◆ **WHAT IS BEING ASKED**:
Output the listing below exactly, minus its images.

◆ **DATA EXCERPT**:
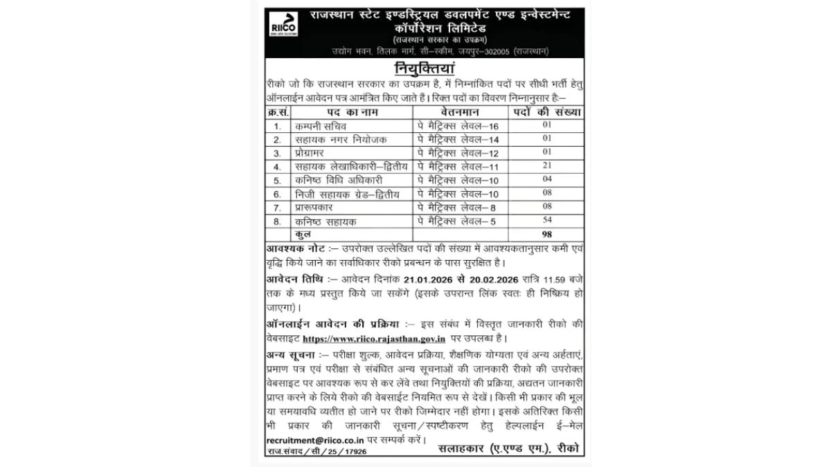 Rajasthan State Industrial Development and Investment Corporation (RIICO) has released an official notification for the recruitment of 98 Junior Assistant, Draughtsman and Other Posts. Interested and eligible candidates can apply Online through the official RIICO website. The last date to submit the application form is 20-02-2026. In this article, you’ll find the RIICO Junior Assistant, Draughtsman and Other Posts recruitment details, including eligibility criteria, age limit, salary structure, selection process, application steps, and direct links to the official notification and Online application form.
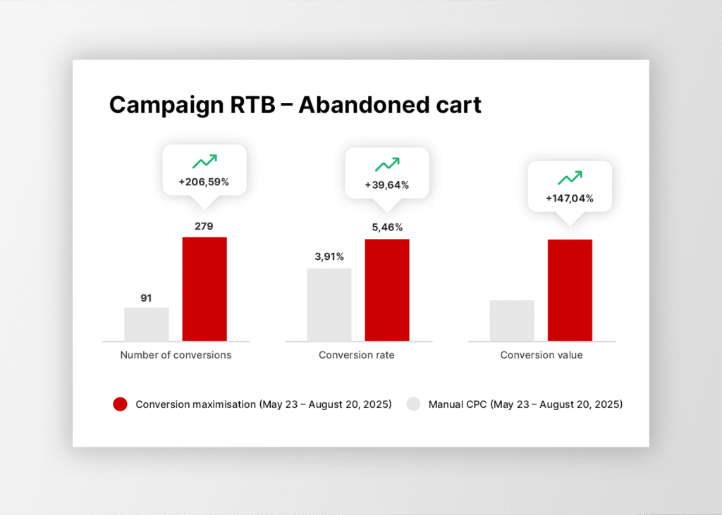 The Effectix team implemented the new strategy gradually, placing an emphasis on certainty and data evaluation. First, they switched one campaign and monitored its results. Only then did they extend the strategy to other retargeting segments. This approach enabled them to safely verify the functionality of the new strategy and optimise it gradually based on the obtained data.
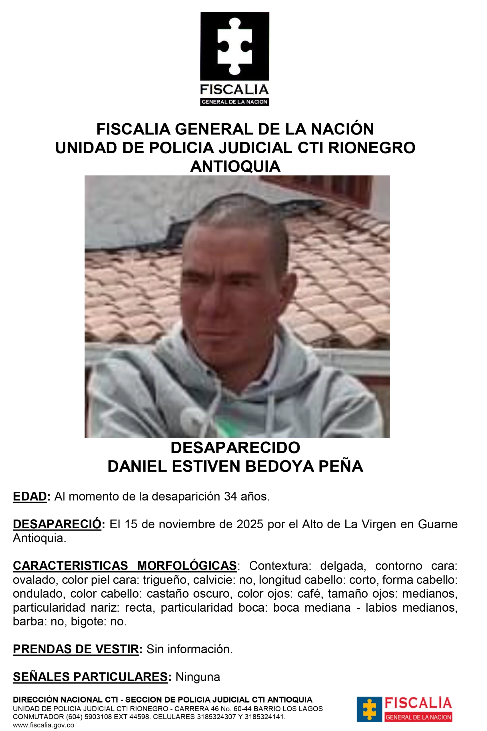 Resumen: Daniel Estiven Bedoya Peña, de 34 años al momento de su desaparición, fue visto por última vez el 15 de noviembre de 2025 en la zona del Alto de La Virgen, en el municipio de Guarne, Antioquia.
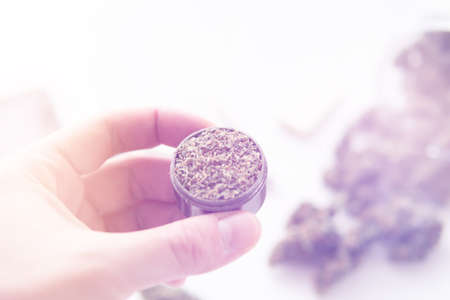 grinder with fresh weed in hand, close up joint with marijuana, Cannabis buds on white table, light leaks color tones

◆ **ANSWER TO THIS EXERCISE**:
 Rajasthan State Industrial Development and Investment Corporation (RIICO) has released an official notification for the recruitment of 98 Junior Assistant, Draughtsman and Other Posts. Interested and eligible candidates can apply Online through the official RIICO website. The last date to submit the application form is 20-02-2026. In this article, you’ll find the RIICO Junior Assistant, Draughtsman and Other Posts recruitment details, including eligibility criteria, age limit, salary structure, selection process, application steps, and direct links to the official notification and Online application form.
 The Effectix team implemented the new strategy gradually, placing an emphasis on certainty and data evaluation. First, they switched one campaign and monitored its results. Only then did they extend the strategy to other retargeting segments. This approach enabled them to safely verify the functionality of the new strategy and optimise it gradually based on the obtained data.
 Resumen: Daniel Estiven Bedoya Peña, de 34 años al momento de su desaparición, fue visto por última vez el 15 de noviembre de 2025 en la zona del Alto de La Virgen, en el municipio de Guarne, Antioquia.
 grinder with fresh weed in hand, close up joint with marijuana, Cannabis buds on white table, light leaks color tones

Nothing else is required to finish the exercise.